Records drawn from a dataset
┌──

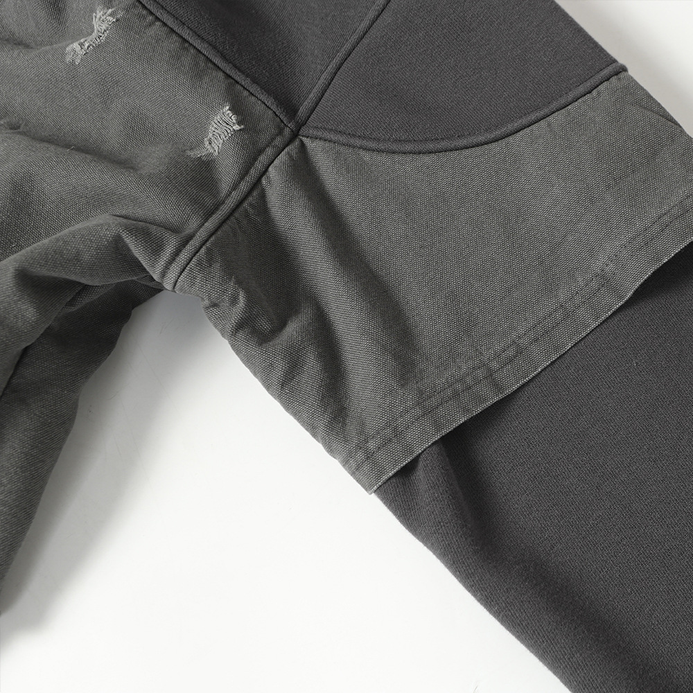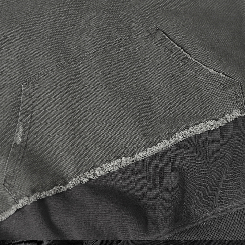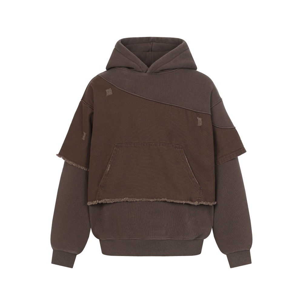 Crafted from soft cotton fabric, the hoodie is breathable, skin-friendly, and suitable for all-season wear. The unique patchwork construction, distressed details, and raw-edge finishing enhance the overall design, giving it a trendy and edgy appeal. The hooded design adds practicality by providing extra warmth and wind protection while elevating the overall silhouette.
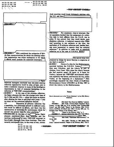 | Keywords: NSALibertyReport.p13.jpg A typical classified document Page 13 of a top secret en U S National Security Agency report http //www nsa gov/liberty/liber00010 pdf on the en USS Liberty incident partially declassified and released to the public in July 2003 PD-USGov USS Liberty AGTR-5 United States secrecy routine Documents in English |
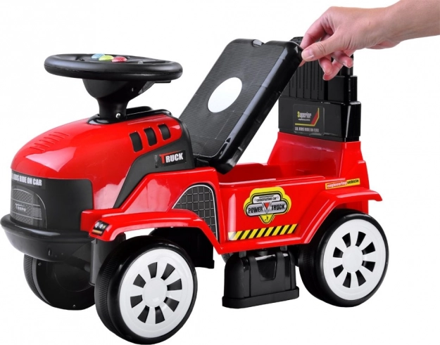 Le porteur tracteur est un excellent choix comme premier véhicule pour les enfants. Grâce à ses dimensions compactes, il convient à l’appartement comme au jardin. Le volant avec boutons joue des mélodies joyeuses accompagnées d’effets lumineux (alimentation 2× AA, non incluses). Le siège avec dossier assure confort et bonne posture, tandis que la butée arrière protège contre le basculement vers l’arrière.
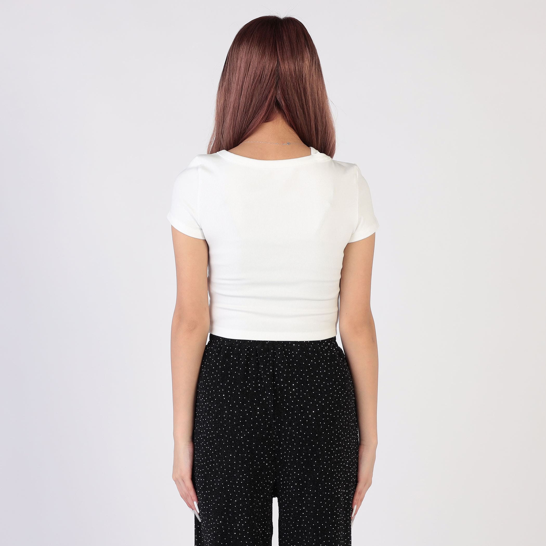 大胆にカットアウトしたタイトシルエットTEEシャツ。ビッグロゴが今季注目のポイント。
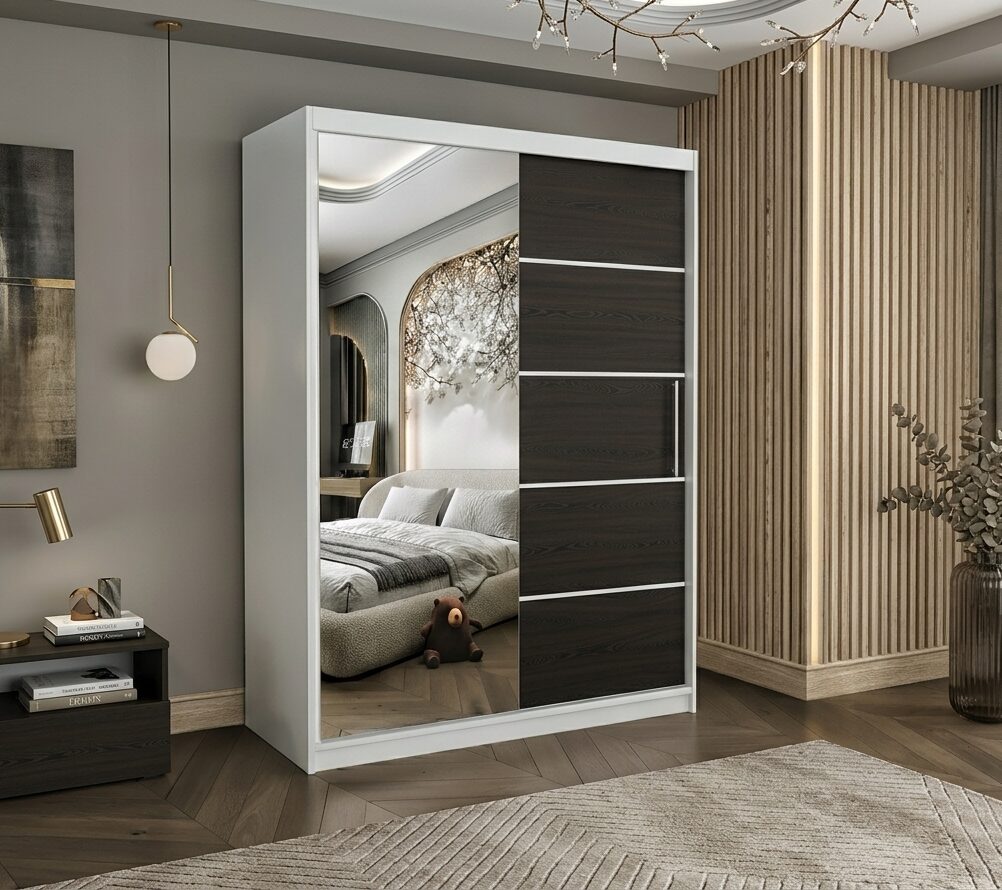 Dulap dressing Atlantic 2 usi cu oglinda, 150 cm, Alb/Wenge
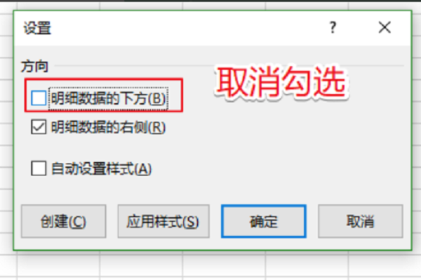 九、在窗口中点击勾选“明细数据的下方”,确定。
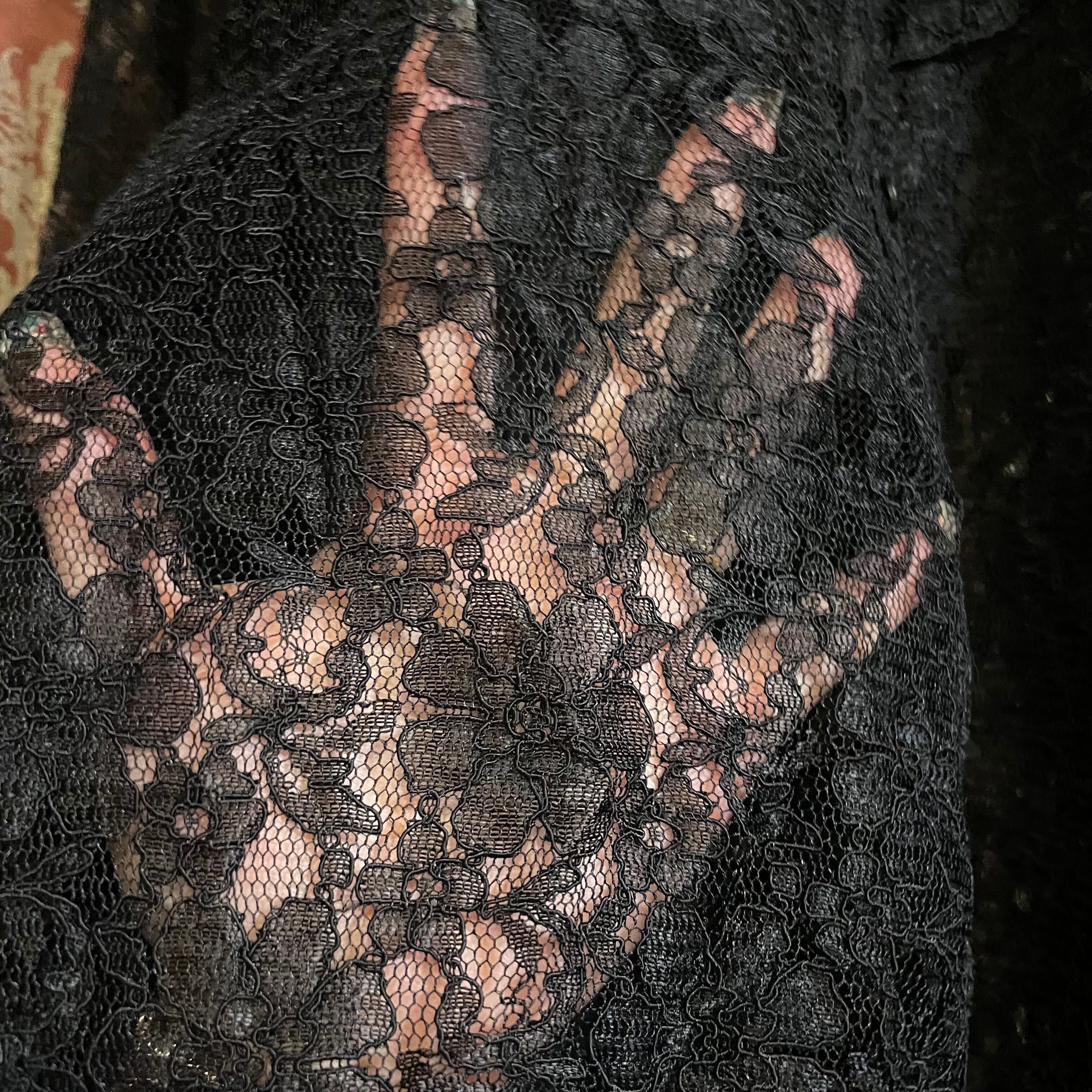 レース素材で華やかさもありつつ、黒色なので大人っぽく上品な印象を演出します。
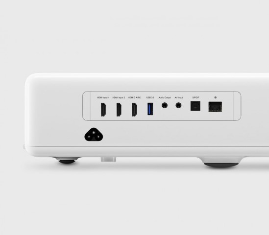 Μία νέα συσκευή της, λοιπόν, είναι ο “Ultra Short Throw” προτζέκτορας, ονόματι Xiaomi Laser Projector. Μια μικρή, επιτραπέζια (ή και επιτοίχια, με λίγη φαντασία) συσκευή που μπορεί να προβάλλει ό,τι θέλετε σε επίπεδες επιφάνειες και μάλιστα τρέχει Android! Μπορεί να τοποθετηθεί σε απόσταση 5-50 εκατοστά από τον τοίχο και να προβάλλει σε αυτόν μια “εικόνα” έως 150 ιντσών σε διαγώνιο! Υποστηρίζει ανάλυση 1080p και έχει hardware της TI (DLP Tech), πιo συγκεκριμένα ένα ALPD 3.0 laser προβολέα. Η φωτεινότητά του μπορεί να αγγίξει τα 5.000 lumens και ο λόγος αντίθεσης το 3.000:1, με άνω του 85% κάλυψη του NTSC φάσματος χρωμάτων.

└──

Goal of the exercise: Each entry above must be restated word for word; the pictures stay out of the copy.

Solution below:
 Crafted from soft cotton fabric, the hoodie is breathable, skin-friendly, and suitable for all-season wear. The unique patchwork construction, distressed details, and raw-edge finishing enhance the overall design, giving it a trendy and edgy appeal. The hooded design adds practicality by providing extra warmth and wind protection while elevating the overall silhouette.
 | Keywords: NSALibertyReport.p13.jpg A typical classified document Page 13 of a top secret en U S National Security Agency report http //www nsa gov/liberty/liber00010 pdf on the en USS Liberty incident partially declassified and released to the public in July 2003 PD-USGov USS Liberty AGTR-5 United States secrecy routine Documents in English |
 Le porteur tracteur est un excellent choix comme premier véhicule pour les enfants. Grâce à ses dimensions compactes, il convient à l’appartement comme au jardin. Le volant avec boutons joue des mélodies joyeuses accompagnées d’effets lumineux (alimentation 2× AA, non incluses). Le siège avec dossier assure confort et bonne posture, tandis que la butée arrière protège contre le basculement vers l’arrière.
 大胆にカットアウトしたタイトシルエットTEEシャツ。ビッグロゴが今季注目のポイント。
 Dulap dressing Atlantic 2 usi cu oglinda, 150 cm, Alb/Wenge
 九、在窗口中点击勾选“明细数据的下方”,确定。
 レース素材で華やかさもありつつ、黒色なので大人っぽく上品な印象を演出します。
 Μία νέα συσκευή της, λοιπόν, είναι ο “Ultra Short Throw” προτζέκτορας, ονόματι Xiaomi Laser Projector. Μια μικρή, επιτραπέζια (ή και επιτοίχια, με λίγη φαντασία) συσκευή που μπορεί να προβάλλει ό,τι θέλετε σε επίπεδες επιφάνειες και μάλιστα τρέχει Android! Μπορεί να τοποθετηθεί σε απόσταση 5-50 εκατοστά από τον τοίχο και να προβάλλει σε αυτόν μια “εικόνα” έως 150 ιντσών σε διαγώνιο! Υποστηρίζει ανάλυση 1080p και έχει hardware της TI (DLP Tech), πιo συγκεκριμένα ένα ALPD 3.0 laser προβολέα. Η φωτεινότητά του μπορεί να αγγίξει τα 5.000 lumens και ο λόγος αντίθεσης το 3.000:1, με άνω του 85% κάλυψη του NTSC φάσματος χρωμάτων.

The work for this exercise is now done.